Assigned task: Give a verbatim copy of the data, leaving the pictures out.

<<<<

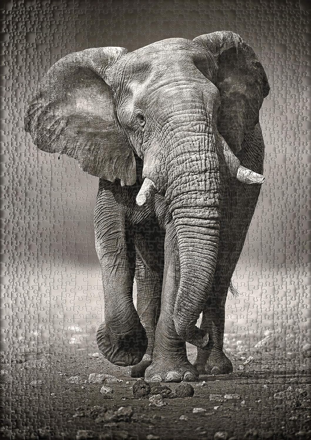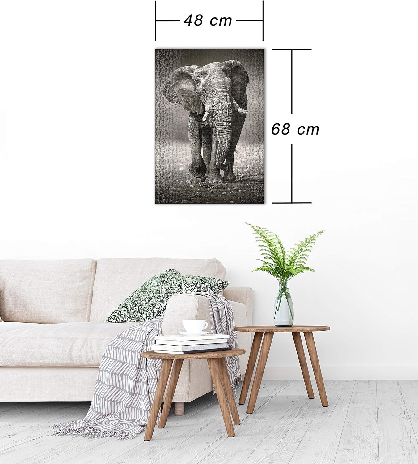 Made in Germany - lavorazione precisa per 1000 pezzi unici del puzzle Fotografie impressionanti come motivi del puzzle con eccellente qualità di stampa L'elefante è un fantastico puzzle per gli amici dell'Africa, della savana, della fauna selvatica, delle foto di animali e della fotografia naturalistica Dimensioni del puzzle finito da 1000 pezzi: 68 x 48 cm La nobile scatola del puzzle in ardesia funge da modello per il tuo puzzle
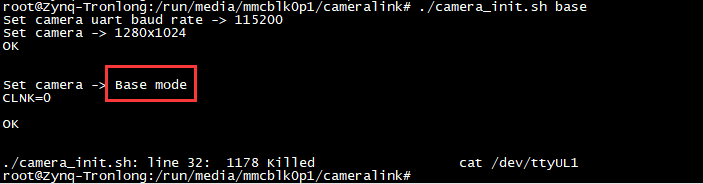 Target# ./camera_init.sh base //初始化CameraLink相机
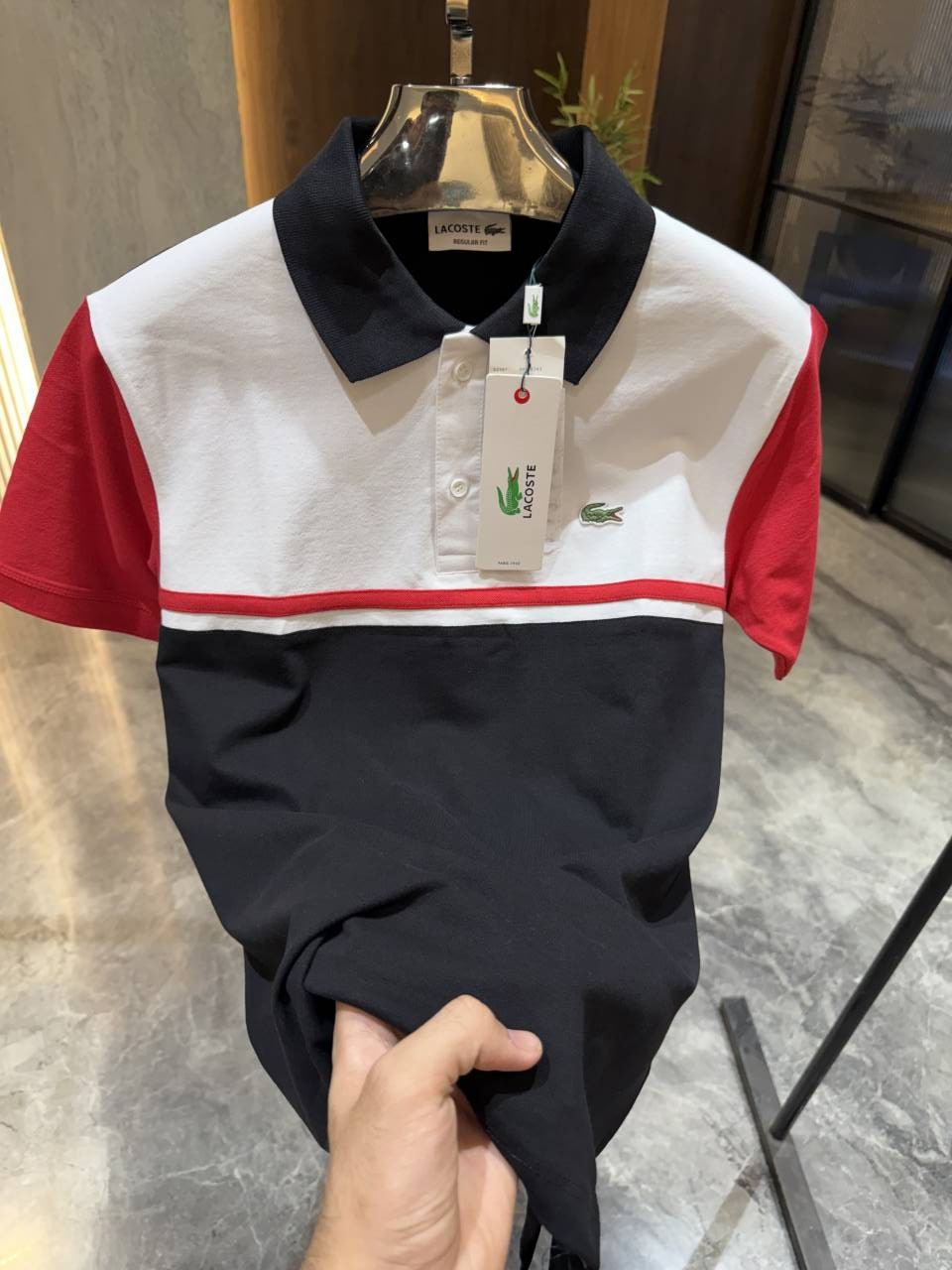 • LACOST_E BLUE WHITE RED PREMIUM IMPORTED POLO
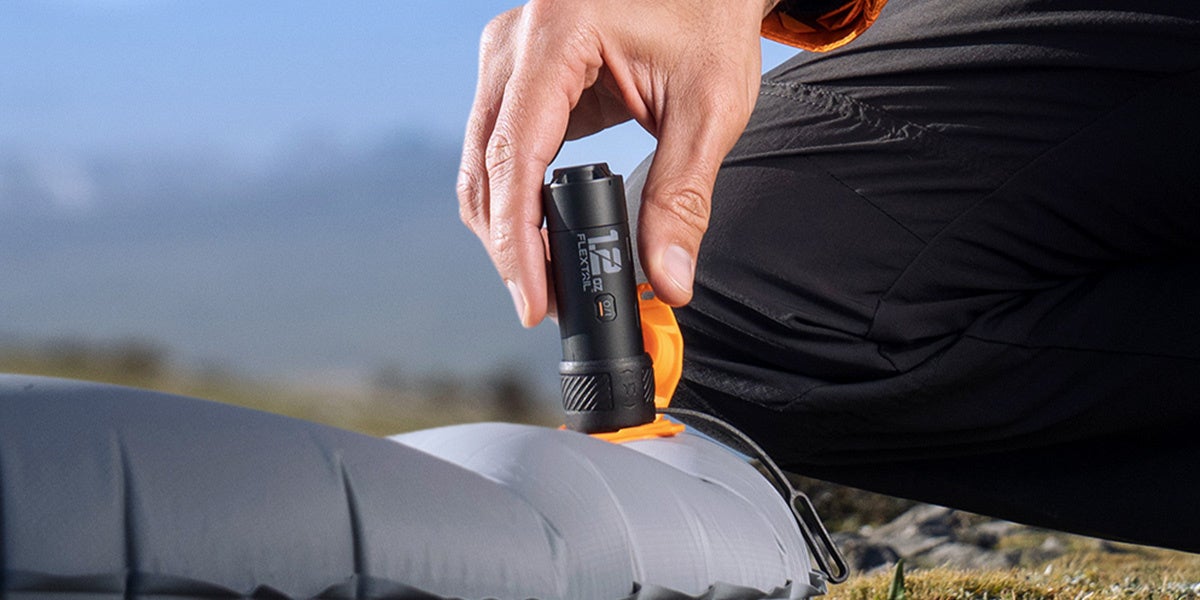 さらに作動音を68dbに抑えることでキャンプやテント泊登山において、場所を選ばず使用することができます。作動時間は約25分(容量650mAhのRCR123Aを使用した場合)で最大25枚のマットを膨らませることが可能なため、ファミリーキャンプや連泊の際にも安心してご使用頂けます。
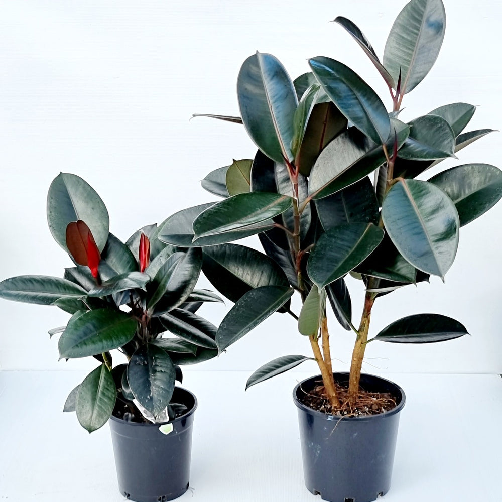 Rubber Plants make fabulous, easy care, household plants. With their beautiful deep green foliage backed by a pink tinge, they can easily make a statement of their own. Rubber plants prefer loads of light but not direct sunlight. Placing by a window with a sheer curtain is an ideal spot for a Rubber Plant. Well draining soil is essential for your Rubber Plant so as not to get root rot. Keep the soil moist during the hotter months but not soggy. During the winter months your Rubber Plant might only require a once monthly water, just watch for when it's leaves start droop and you'll know it needs a drink. Keep their leaves clean by misting often or wiping with a damp cloth and fertilise only during the growing season. These beauties can grow up to 3m high indoors but growth is restricted by the pot size you choose to keep them in.
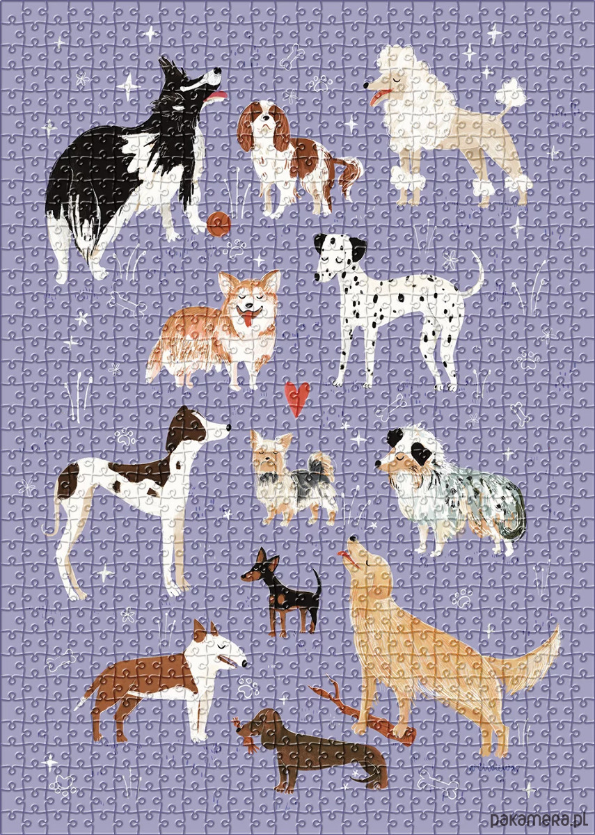 Puzzle 1000 „Psinki” ? to wyzwanie dla wszystkich, którzy nie potrafią wybrać ulubionego psa. Teraz nie musisz decydować – po ułożeniu puzzli będziesz mieć je wszystkie w jednym, magicznym obrazie! ??
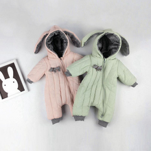 婴儿连体衣秋冬加厚0-3-6-12个月宝宝新生儿加绒哈衣冬装外出服潮
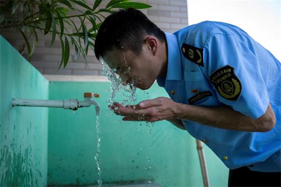 撤回休息點(diǎn),張可贊接起一抔水,潑到臉上,帶來一陣冰涼。回到室內(nèi),冷氣吹過身體,濕透的制服變得硬挺,張可贊和隊(duì)友拿起一瓶水,一飲而盡。
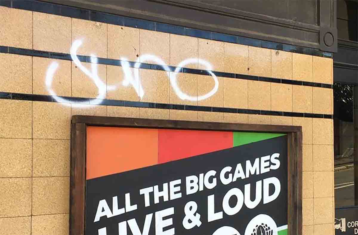 For reasons known only to them, at least one of the men decided to ‘tag’ the pub in at least four places, spray-painting meaningless graffiti for the owners to remedy.
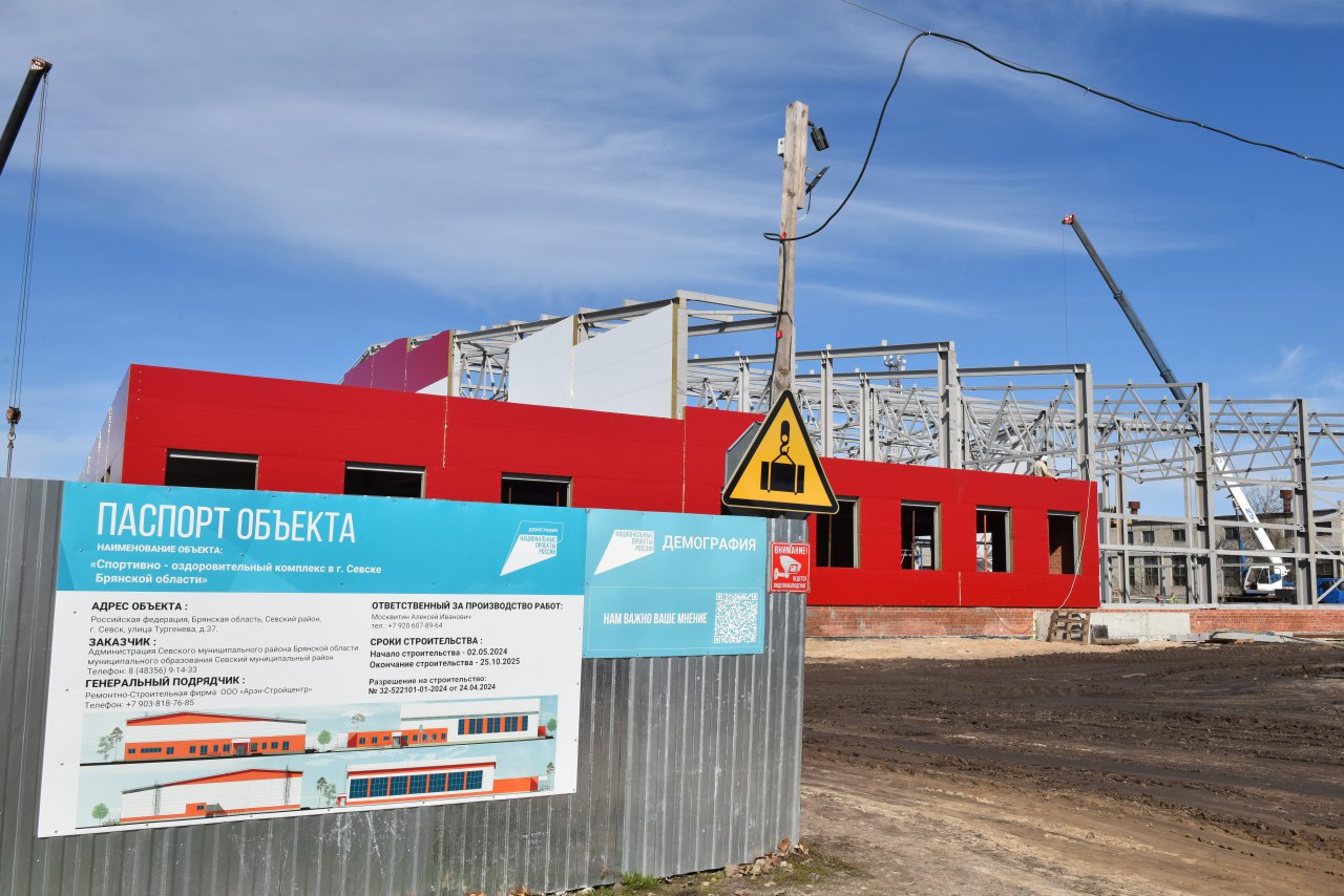 В настоящее время строительство ФОКа с бассейном осуществляется в Севске. Работы ведутся в соответствии с графиком. До конца месяца планируется завершить монтаж сэндвич-панелей, а к середине мая должен быть закрыт контур, залито дно чаши бассейна, после чего строители приступят к оштукатуриванию стен.
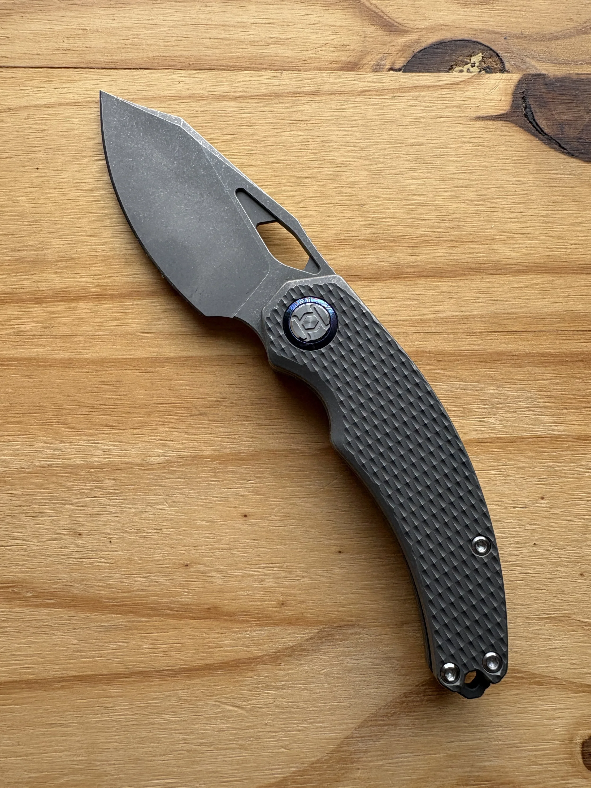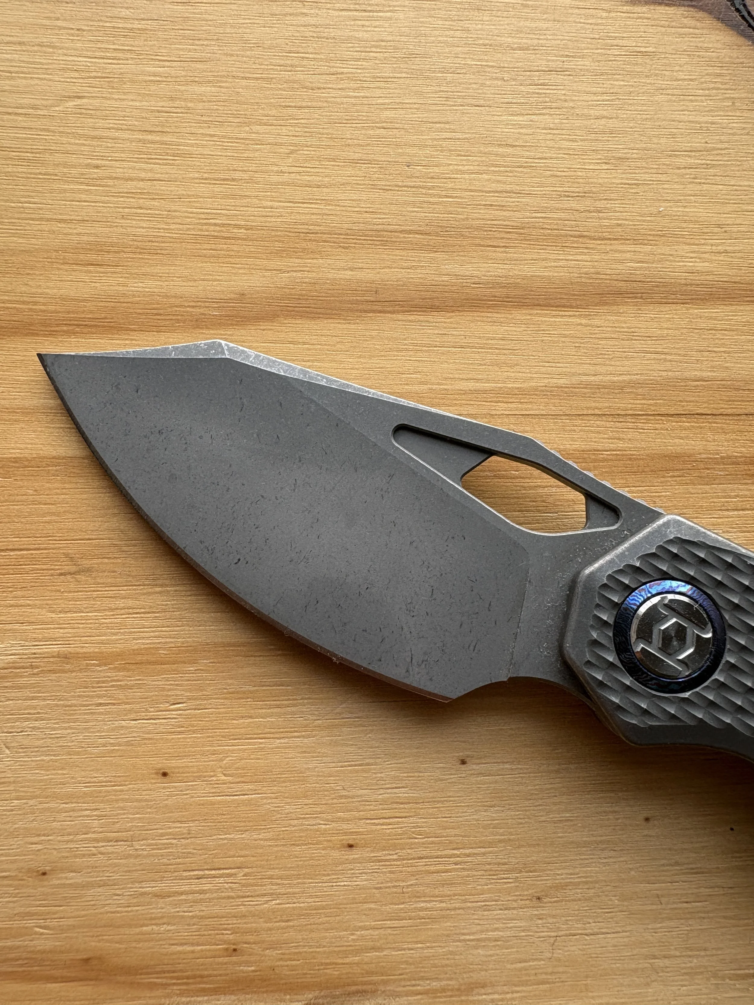 With a bit of guillotining due to the blade shape, this is not a knife I feel 100% comfortable fidgeting with, especially after nicking my thumb three times.
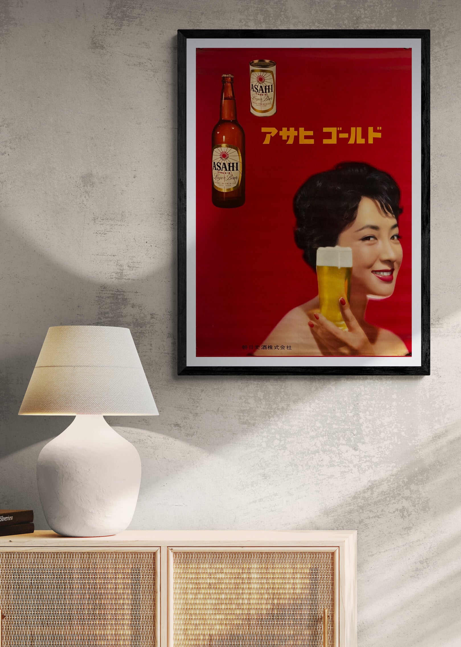 • Original Japanese B2 (51 × 73 cm) advert for Asahi Gold, c.1958–1962.
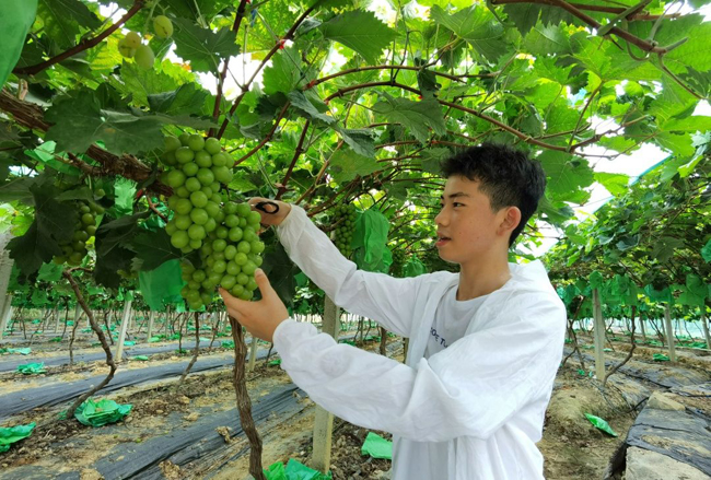 据了解,阳光葡萄园种植有60亩的阳光玫瑰,今年已经是第四年挂果,目前葡萄园还开放采摘观光游项目,吸引了许多游客前来打卡采摘。“除了销往浙江、南宁、横州、灵山这些地方,周末也比较多游客过来采摘,批发是10元一斤,采摘是15元一斤。”阳光葡萄园相关负责人陈兴定说。
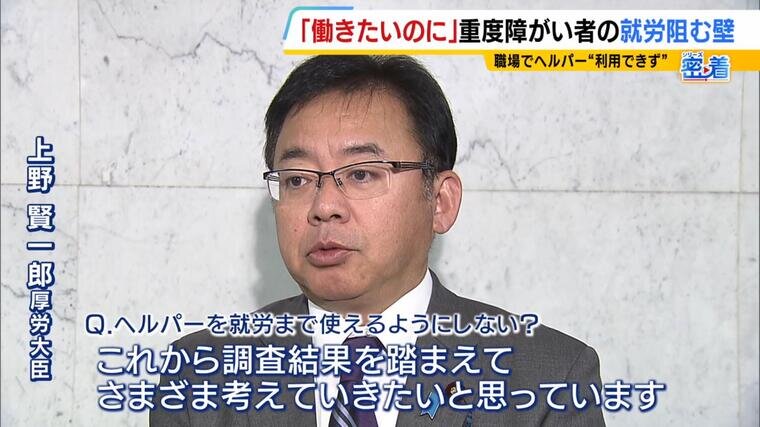 (上野賢一郎厚労大臣)「この課題を本当にわれわれも重要な問題だと認識しておりますので、国としての対応をこれからどうするか、調査結果も踏まえて十分に検討していきたいと思います。(Qヘルパーを就労まで使えるようにしない?)これから調査結果を踏まえて、さまざま考えていきたいと思っています」
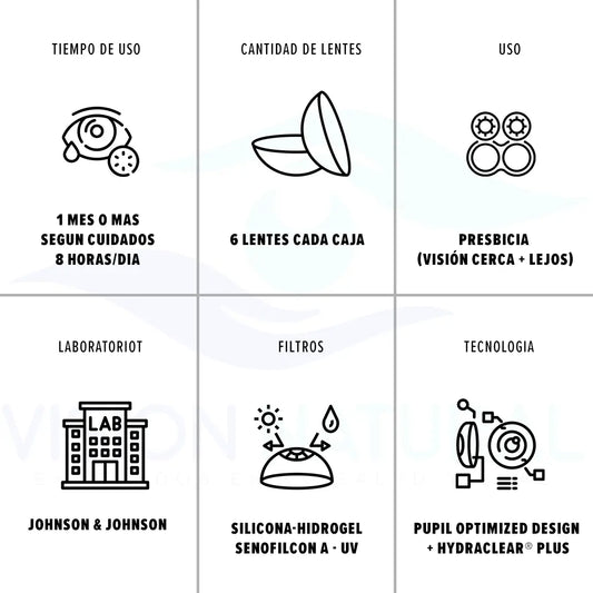 ¿Te cuesta ver de cerca sin gafas? Los lentes de contacto multifocales son la solución ideal para corregir la presbicia o vista cansada, permitiéndote ver de cerca, lejos y a distancias intermedias sin cambiar de gafas. En Óptica Visión Natural ofrecemos todas las marcas líderes en Colombia, como Air Optix Multifocal, Biofinity Multifocal, Acuvue Oasys for Presbyopia y más.
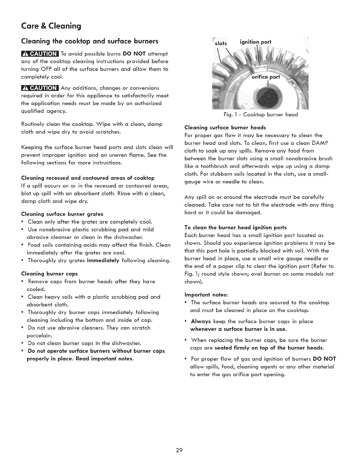 Cleaning the cooktop and surface burners .................... 29
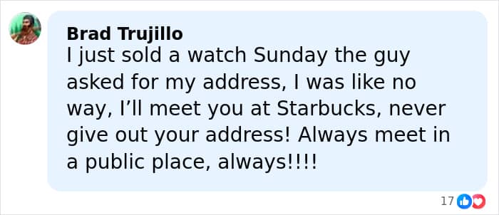 Investigators also advise anyone arranging purchases through Facebook Marketplace to meet in public locations, bring another person along, and choose well-lit areas where police patrols are common.

>>>>

Task output:
 Made in Germany - lavorazione precisa per 1000 pezzi unici del puzzle Fotografie impressionanti come motivi del puzzle con eccellente qualità di stampa L'elefante è un fantastico puzzle per gli amici dell'Africa, della savana, della fauna selvatica, delle foto di animali e della fotografia naturalistica Dimensioni del puzzle finito da 1000 pezzi: 68 x 48 cm La nobile scatola del puzzle in ardesia funge da modello per il tuo puzzle
 Target# ./camera_init.sh base //初始化CameraLink相机
 • LACOST_E BLUE WHITE RED PREMIUM IMPORTED POLO
 さらに作動音を68dbに抑えることでキャンプやテント泊登山において、場所を選ばず使用することができます。作動時間は約25分(容量650mAhのRCR123Aを使用した場合)で最大25枚のマットを膨らませることが可能なため、ファミリーキャンプや連泊の際にも安心してご使用頂けます。
 Rubber Plants make fabulous, easy care, household plants. With their beautiful deep green foliage backed by a pink tinge, they can easily make a statement of their own. Rubber plants prefer loads of light but not direct sunlight. Placing by a window with a sheer curtain is an ideal spot for a Rubber Plant. Well draining soil is essential for your Rubber Plant so as not to get root rot. Keep the soil moist during the hotter months but not soggy. During the winter months your Rubber Plant might only require a once monthly water, just watch for when it's leaves start droop and you'll know it needs a drink. Keep their leaves clean by misting often or wiping with a damp cloth and fertilise only during the growing season. These beauties can grow up to 3m high indoors but growth is restricted by the pot size you choose to keep them in.
 Puzzle 1000 „Psinki” ? to wyzwanie dla wszystkich, którzy nie potrafią wybrać ulubionego psa. Teraz nie musisz decydować – po ułożeniu puzzli będziesz mieć je wszystkie w jednym, magicznym obrazie! ??
 婴儿连体衣秋冬加厚0-3-6-12个月宝宝新生儿加绒哈衣冬装外出服潮
 撤回休息點(diǎn),張可贊接起一抔水,潑到臉上,帶來一陣冰涼。回到室內(nèi),冷氣吹過身體,濕透的制服變得硬挺,張可贊和隊(duì)友拿起一瓶水,一飲而盡。
 For reasons known only to them, at least one of the men decided to ‘tag’ the pub in at least four places, spray-painting meaningless graffiti for the owners to remedy.
 В настоящее время строительство ФОКа с бассейном осуществляется в Севске. Работы ведутся в соответствии с графиком. До конца месяца планируется завершить монтаж сэндвич-панелей, а к середине мая должен быть закрыт контур, залито дно чаши бассейна, после чего строители приступят к оштукатуриванию стен.
 With a bit of guillotining due to the blade shape, this is not a knife I feel 100% comfortable fidgeting with, especially after nicking my thumb three times.
 • Original Japanese B2 (51 × 73 cm) advert for Asahi Gold, c.1958–1962.
 据了解,阳光葡萄园种植有60亩的阳光玫瑰,今年已经是第四年挂果,目前葡萄园还开放采摘观光游项目,吸引了许多游客前来打卡采摘。“除了销往浙江、南宁、横州、灵山这些地方,周末也比较多游客过来采摘,批发是10元一斤,采摘是15元一斤。”阳光葡萄园相关负责人陈兴定说。
 (上野賢一郎厚労大臣)「この課題を本当にわれわれも重要な問題だと認識しておりますので、国としての対応をこれからどうするか、調査結果も踏まえて十分に検討していきたいと思います。(Qヘルパーを就労まで使えるようにしない?)これから調査結果を踏まえて、さまざま考えていきたいと思っています」
 ¿Te cuesta ver de cerca sin gafas? Los lentes de contacto multifocales son la solución ideal para corregir la presbicia o vista cansada, permitiéndote ver de cerca, lejos y a distancias intermedias sin cambiar de gafas. En Óptica Visión Natural ofrecemos todas las marcas líderes en Colombia, como Air Optix Multifocal, Biofinity Multifocal, Acuvue Oasys for Presbyopia y más.
 Cleaning the cooktop and surface burners .................... 29
 Investigators also advise anyone arranging purchases through Facebook Marketplace to meet in public locations, bring another person along, and choose well-lit areas where police patrols are common.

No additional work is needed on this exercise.